■ **Problem requirements**:
Retype nothing except the lines below from the one with "Built last year!!" through the one with "中共中央臺(tái)辦海峽兩", exactly, with images left out.

■ **Entries supplied**:
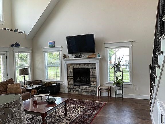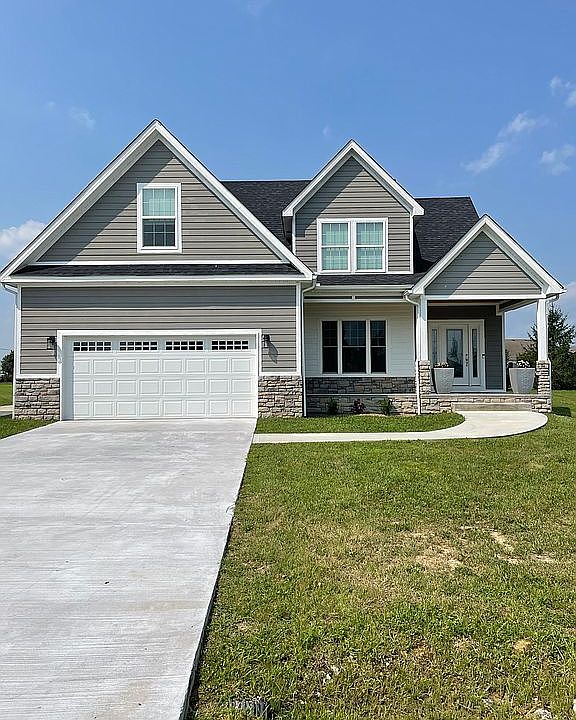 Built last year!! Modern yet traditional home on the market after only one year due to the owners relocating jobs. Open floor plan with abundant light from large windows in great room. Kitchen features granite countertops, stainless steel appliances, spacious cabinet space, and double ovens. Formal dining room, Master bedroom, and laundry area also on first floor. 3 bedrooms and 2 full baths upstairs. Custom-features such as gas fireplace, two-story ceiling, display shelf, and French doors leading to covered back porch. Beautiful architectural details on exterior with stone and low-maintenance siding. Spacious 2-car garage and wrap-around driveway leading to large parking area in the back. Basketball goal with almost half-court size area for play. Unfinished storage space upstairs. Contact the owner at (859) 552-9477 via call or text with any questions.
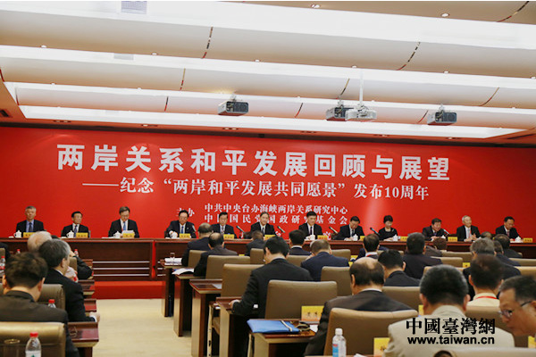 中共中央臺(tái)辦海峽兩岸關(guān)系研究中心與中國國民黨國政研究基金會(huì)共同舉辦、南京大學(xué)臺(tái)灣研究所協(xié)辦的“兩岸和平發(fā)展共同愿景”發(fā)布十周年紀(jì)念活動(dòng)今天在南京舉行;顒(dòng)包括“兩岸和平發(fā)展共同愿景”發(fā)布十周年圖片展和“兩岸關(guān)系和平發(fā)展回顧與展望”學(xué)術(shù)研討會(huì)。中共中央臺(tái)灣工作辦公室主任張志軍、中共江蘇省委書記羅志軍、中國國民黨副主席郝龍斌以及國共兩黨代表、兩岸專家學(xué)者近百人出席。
...
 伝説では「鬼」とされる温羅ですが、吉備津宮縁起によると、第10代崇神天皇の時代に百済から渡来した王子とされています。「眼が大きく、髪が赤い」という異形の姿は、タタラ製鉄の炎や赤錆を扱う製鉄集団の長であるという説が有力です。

■ **Output for this exercise**:
 Built last year!! Modern yet traditional home on the market after only one year due to the owners relocating jobs. Open floor plan with abundant light from large windows in great room. Kitchen features granite countertops, stainless steel appliances, spacious cabinet space, and double ovens. Formal dining room, Master bedroom, and laundry area also on first floor. 3 bedrooms and 2 full baths upstairs. Custom-features such as gas fireplace, two-story ceiling, display shelf, and French doors leading to covered back porch. Beautiful architectural details on exterior with stone and low-maintenance siding. Spacious 2-car garage and wrap-around driveway leading to large parking area in the back. Basketball goal with almost half-court size area for play. Unfinished storage space upstairs. Contact the owner at (859) 552-9477 via call or text with any questions.
 中共中央臺(tái)辦海峽兩岸關(guān)系研究中心與中國國民黨國政研究基金會(huì)共同舉辦、南京大學(xué)臺(tái)灣研究所協(xié)辦的“兩岸和平發(fā)展共同愿景”發(fā)布十周年紀(jì)念活動(dòng)今天在南京舉行;顒(dòng)包括“兩岸和平發(fā)展共同愿景”發(fā)布十周年圖片展和“兩岸關(guān)系和平發(fā)展回顧與展望”學(xué)術(shù)研討會(huì)。中共中央臺(tái)灣工作辦公室主任張志軍、中共江蘇省委書記羅志軍、中國國民黨副主席郝龍斌以及國共兩黨代表、兩岸專家學(xué)者近百人出席。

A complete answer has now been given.